Ms Blears: I understand the hon. Gentleman's point, but I have already said that I am not in a position to provide a final view on the matter. The debate about the right process will continue. My main point is about who initiates and who makes the orders, and we seem to take different views on that. We are happy to discuss these matters as the debate develops on how the process should work.
I want to explain our approach more fully. It has been said several times that the most appropriate way to proceed is to prosecute. I want to put on record the fact that we absolutely share that view. Whenever we can, we want to prosecute, bring people to trial, adduce the evidence and let the court decide. It is only when we cannot prosecute because parts of the evidence are inadmissible or would reveal the capabilities of the Security Service that we find ourselves in the position of requiring some mechanism and machinery to enable us to protect the people of this country through a series of orders, while at the same time ensuring that we comply with the rule of law as much as possible. We always prefer to prosecute when we can. A number of prosecutions have already been launched and hon. Members may be aware of the comments of the new Metropolitan Police Commissioner, who expressed his frustration at how little detail we have been able to provide because these matters are sub judice. The public do not know the extent of the arrests, operations and work that have been carried out in order to bring people to trial. Prosecuting is, as I said, always our preferred option.

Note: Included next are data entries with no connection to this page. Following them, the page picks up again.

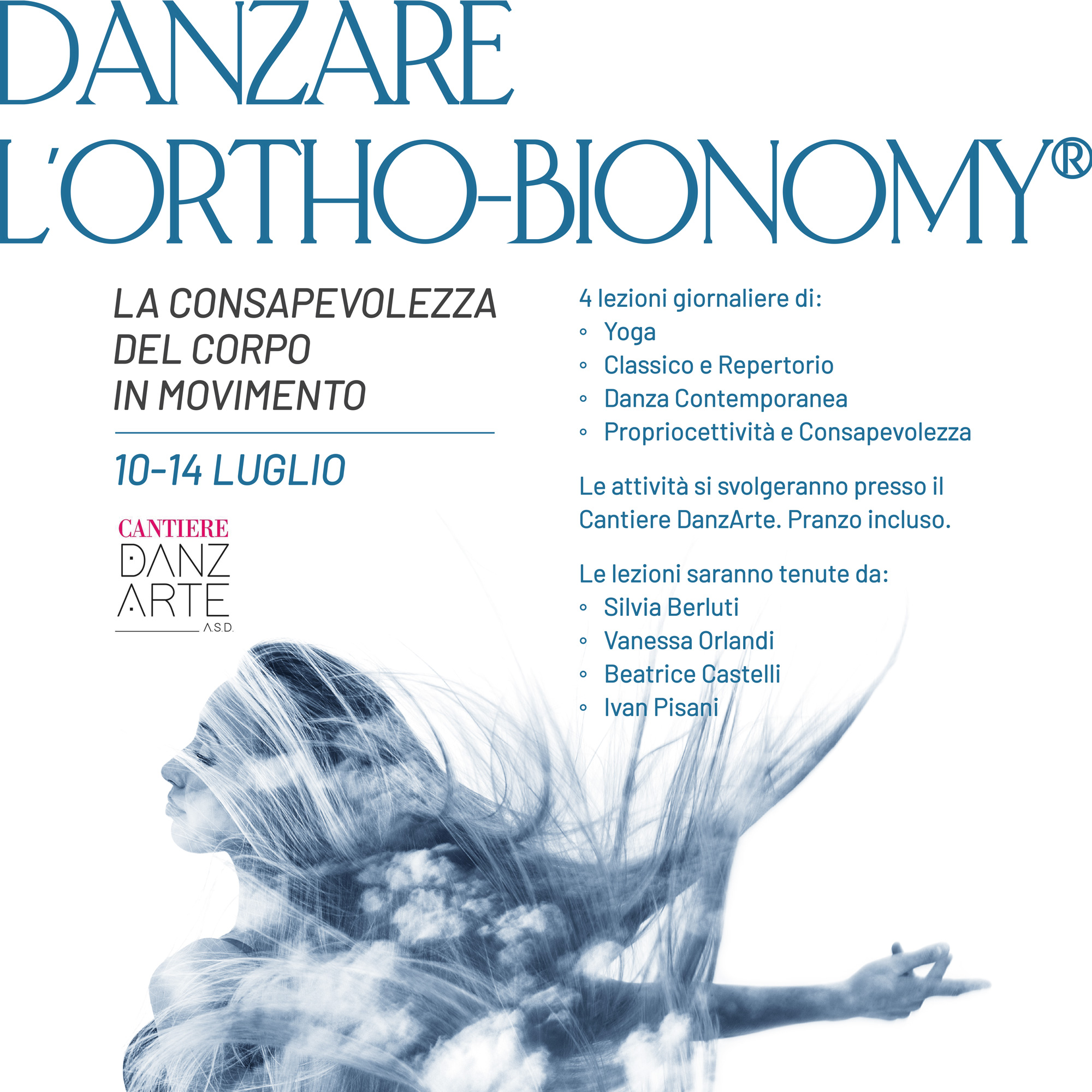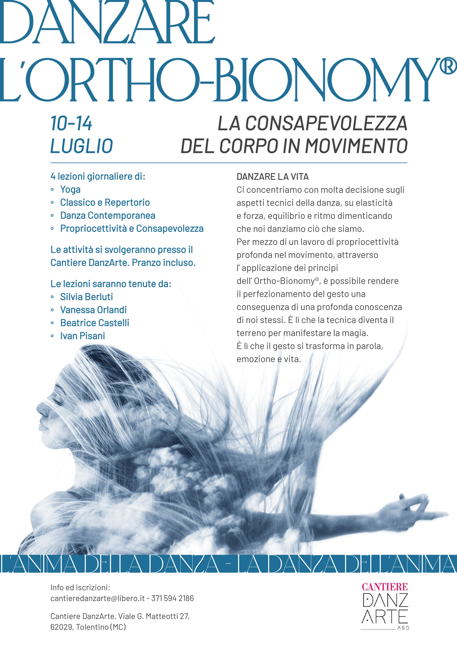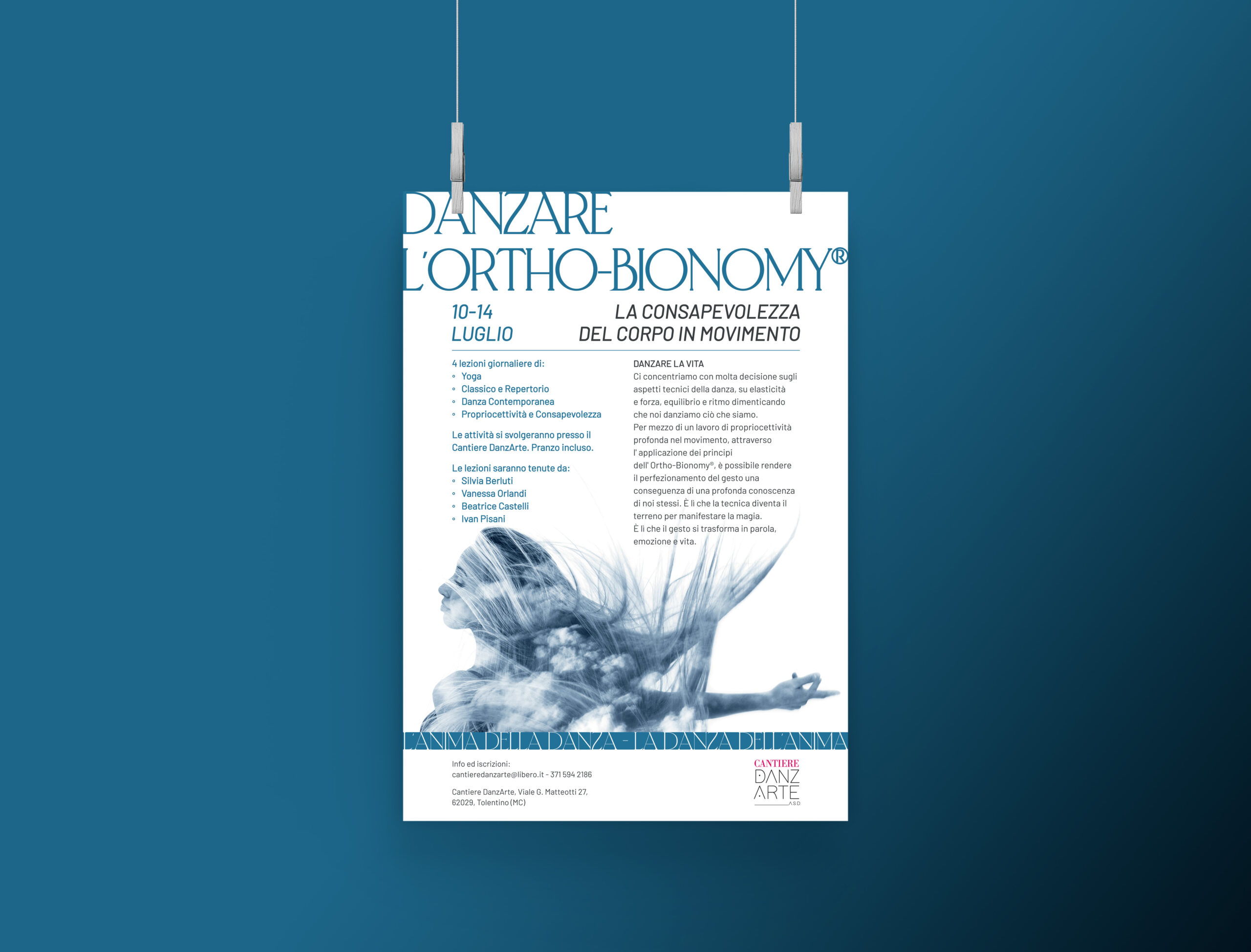 Progetto di comunicazione visiva per Danzare l’Ortho-Bionomy®, campus dedicato alla consapevolezza del corpo in movimento organizzato dalla scuola di danza Cantiere DanzArte.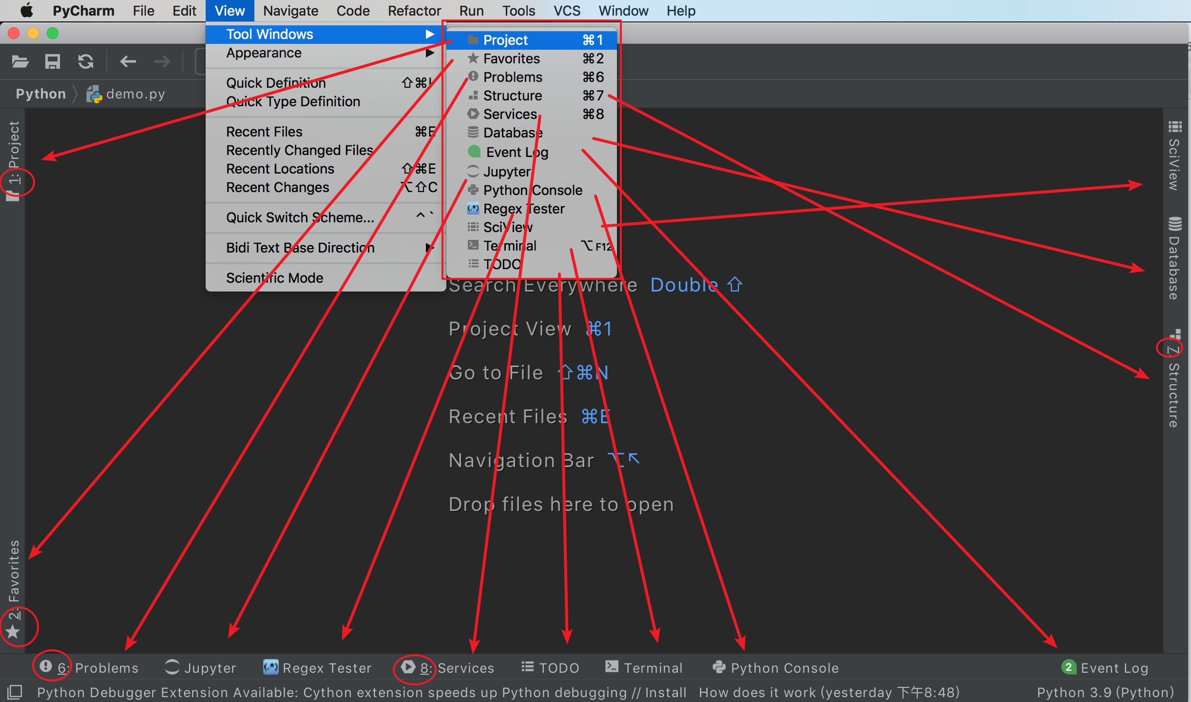 PyCharm 直接为我们集成了 Terminal,我们可以直接点击进入
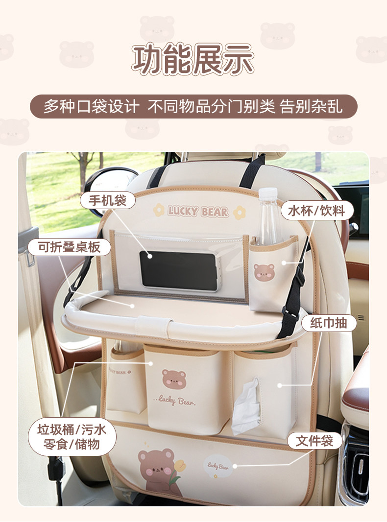 Car Seat Back Storage Rack, Car Seat Back Storage Hanging Bag, Car Small Table Board, Girls' Car Interior Accessories Collection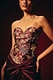Featuring a wine corset in pure tussar silk base with hand embroidery. It is paired with armani satin draped skirt. Accentuate it with delicate jewellery and strappy heels to enhance its feminine silhouette, ideal for evening parties or cocktail celebrations.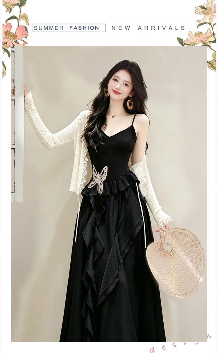 언어 그리스어 진짜 사진 찍기 새로운 검정색 디자인 센스 슬립 드레스 코디 재킷 투피스 세트 세트 드레스

Some people are highly exercised about why we decided not to allow intercept to be used as evidence. It is right for me to provide hon. Members with some of our detailed thoughts on that matter. First, it is not a magic bullet. We have said time and again that the review examined whether we would be able to bring more serious criminals and terrorists to trial if we used intercept as evidence. The review found that that would not be the case and it examined the cases of individual detainees. As I understand it, it would not have been possible to bring any of those cases to a formal trial by using intercept evidence.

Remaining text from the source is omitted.